I would leave out the “how” and the “why” of the case from my comments in order to avoid spoilers, and focus more on the changes in the young protagonist. First of all, there is the awareness of death, ready to pounce indiscriminately on the innocent and guiltless. Secondly, there is the revelation of the fallible nature of Adults, of the dark places in their souls and the weaknesses of spirit that they normally hide from the world at large. Davd himself discovers that he can be a killer, with a hunting rifle he receives from his grandfather:
I shot a magpie out of a pinon tree. I felt the way I did when I woke from an especially disturbing and powerful dream. Even as the dream’s narrative escaped – like trying to hold water in your hand – its emotion stayed behind. Looking in the dead bird’s eye, I realized that these strange, unthought-of connections – sex and death, lust and violence, desire and degradation – are there, there, deep in even a good heart’s chambers.

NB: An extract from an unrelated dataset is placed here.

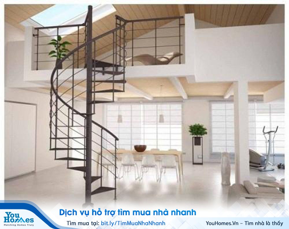 - Hình dáng tốt nhất của cầu thang là loại thẳng. Cầu thang xoắn tuy rất đẹp mắt và độc đáo, tốn ít diện tích nhưng không tốt về mặt phong thủy. Theo đó, loại cầu thang này tạo ra luồng khí xoắn, không tốt cho gia chủ và các thành viên trong nhà, nhất là nam giới.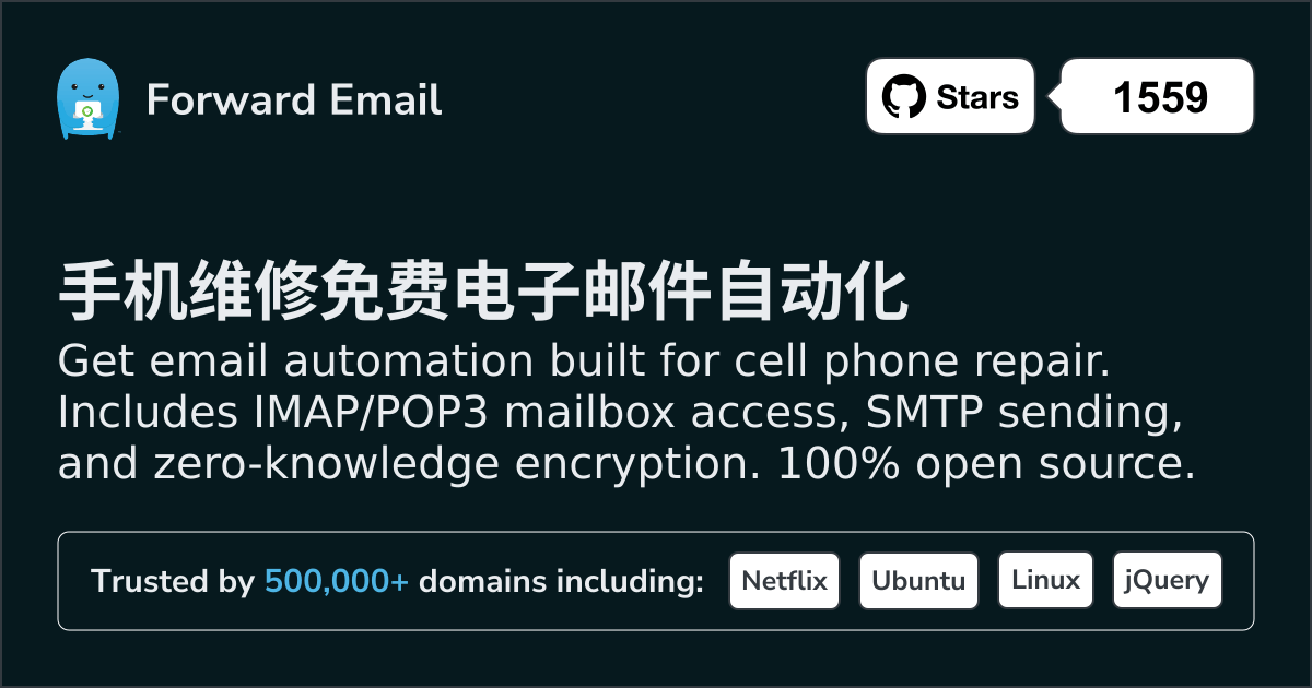 Get email automation built for cell phone repair. Includes IMAP/POP3 mailbox access, SMTP sending, and zero-knowledge encryption. 100% open source.

David must cope with this new dangerous and cruel environment, learn to accept responsibility for his actions, stand by his parents even as their world is crumbling down over their heads.
I gave the highest rating for this rather short novel in part for the subject matter, but mostly for the candid, elegant and emotionally charged prose of Larry Watson. His deceptively simple phrases convey economically and efficiently in less than 200 pages about as much as Robert McCammon did in his sprawling Boy’s Life. Another reason to cherish and probably revisit the story in the future is the character of David, a bright kid with a passion for outdoor living, for getting out of the city, even if it is only a small town like Bentrock, to fill his eyes and soul with the quiet and peace of nature. I recognized my own passion for faraway places away from civilization, from noise and pollution and even from people, for a while:
Wildness meant, to me, getting out of town and into the country. Out of town I could simply be, I could feel my self, firm and calm and unmalleable as I could not when I was in school or in any of the usual human communities that seemed to weaken and scatter me. I could sit for an hour in the rocks above the Knife River, asking for no more discourse than that water’s monotonous gabble. I was an inward child, it was true, but beyond that, I felt a contentment outside human society that I couldn’t feel within it.
In the conclusion of the novel there’s a passage about how you can condemn some persons for the evil in the world, but not the place, not society as a whole. David probably still thinks fondly his native Montana, even with the tragedy of Marie still fresh in his memory decades after the events.
It would be interesting to find out if Larry Watson has written another novel as good as this one.